The morality police pretty much pulled out after the 22-year-old passed away Mahsa Amini Last September, as the authorities struggled to contain mass protests calling for the overthrow of the theocratic regime that has ruled Iran for more than four decades. The vice police were rarely seen patrolling the streets, and in December there were some reports – later denied – that they had been disbanded.
The authorities insisted throughout the crisis that the rules had not changed. Iran’s clerical rulers view the veil as one of the pillars of the Islamic revolution that brought them to power, and consider casual wear a sign of Western decadence. Major General Saeed Muntazer Al-Mahdi, a police spokesman, said that the morality police will resume notifying women who do not wear hijab and then arresting them.
The morality police pretty much pulled out after the 22-year-old passed away Mahsa Amini Last September, as the authorities struggled to contain mass protests calling for the overthrow of the theocratic regime that has ruled Iran for more than four decades.
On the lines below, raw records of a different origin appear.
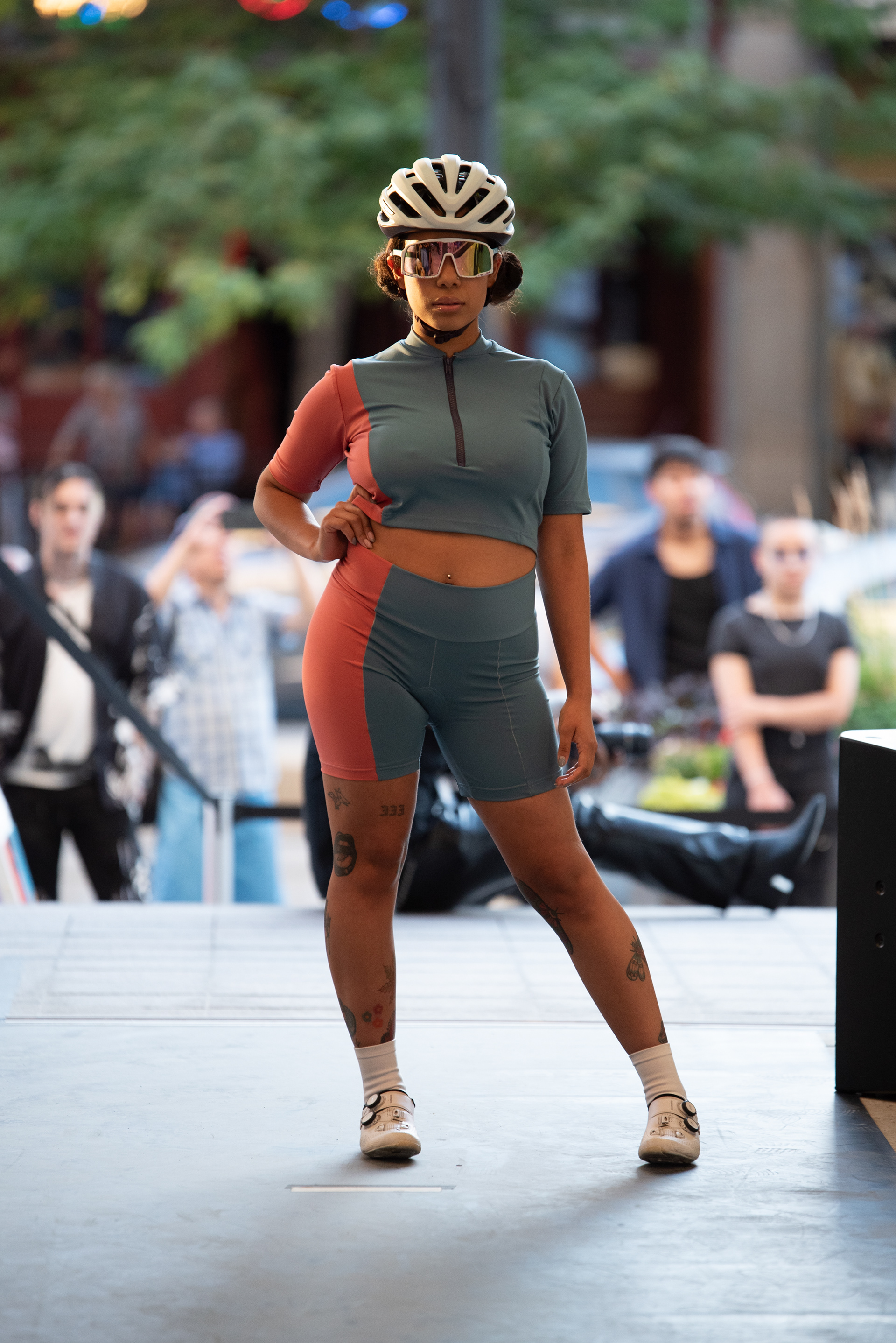 Left: Exercise tunic with romper under, Model: Ella Engel @ellaengell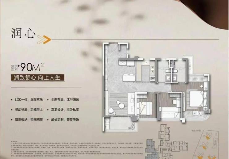 建面90平三房两卫,全屋南北通透,四开间朝南,3个卧室朝南,LDK一体化,可打通次卧做到大客厅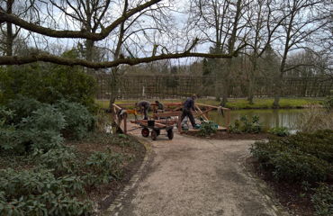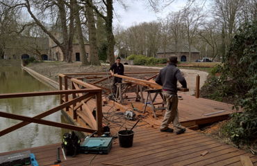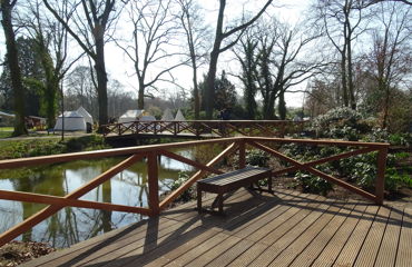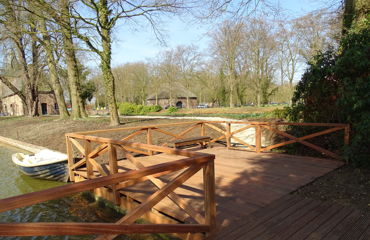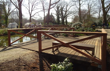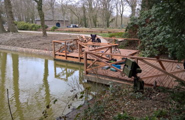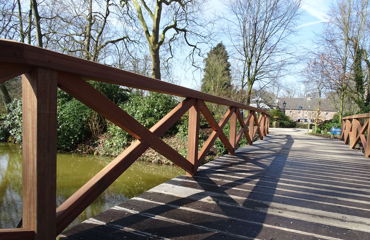 In maart '16 zijn wij werkzaam geweest bij de 'Kasteeltuinen Arcen'. Er werd een brugleuning geheel vernieuwd en bij twee vlonders werden de balustrades vervangen. De onderdelen werden geconstrueerd naar bestaand model. Tevens werd een nieuwe vlonder gebouwd, compleet met balklaag, geprofileerde dekdelen en een balustrade met poorten. De diverse onderdelen werden vervaardigd in voornamelijk 2de hands azobé, herzaagd uit oude meerpalen.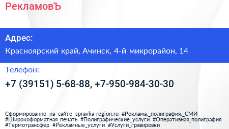 РекламовЪ по адресу Красноярский край, Ачинск, 4-й микрорайон, 14 в дальнейшем Организация, размещена в следующих категориях: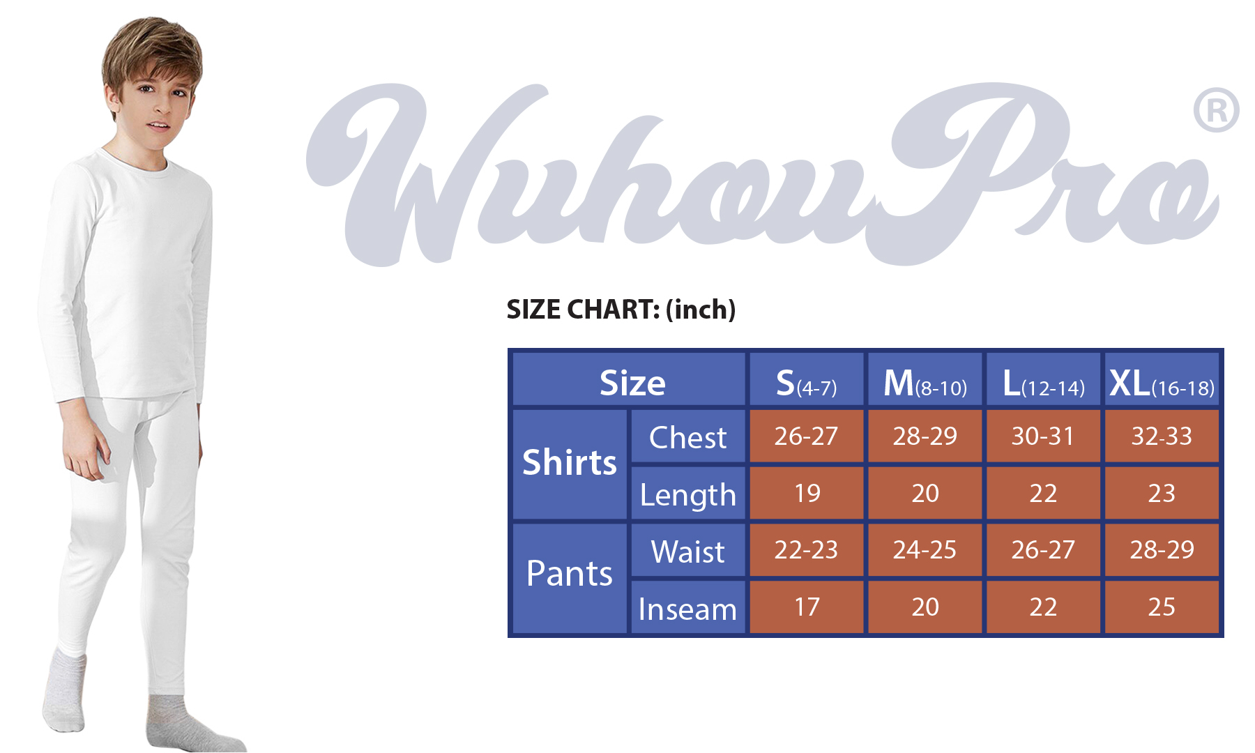 WuhouPro Boy's Ultra Soft Microfiber Fleece Thermal Underwear Sets WHITE XL (16-18)

The vice police were rarely seen patrolling the streets, and in December there were some reports – later denied – that they had been disbanded.
The authorities insisted throughout the crisis that the rules had not changed. Iran’s clerical rulers view the veil as one of the pillars of the Islamic revolution that brought them to power, and consider casual wear a sign of Western decadence. Major General Saeed Muntazer Al-Mahdi, a police spokesman, said that the morality police will resume notifying women who do not wear hijab and then arresting them.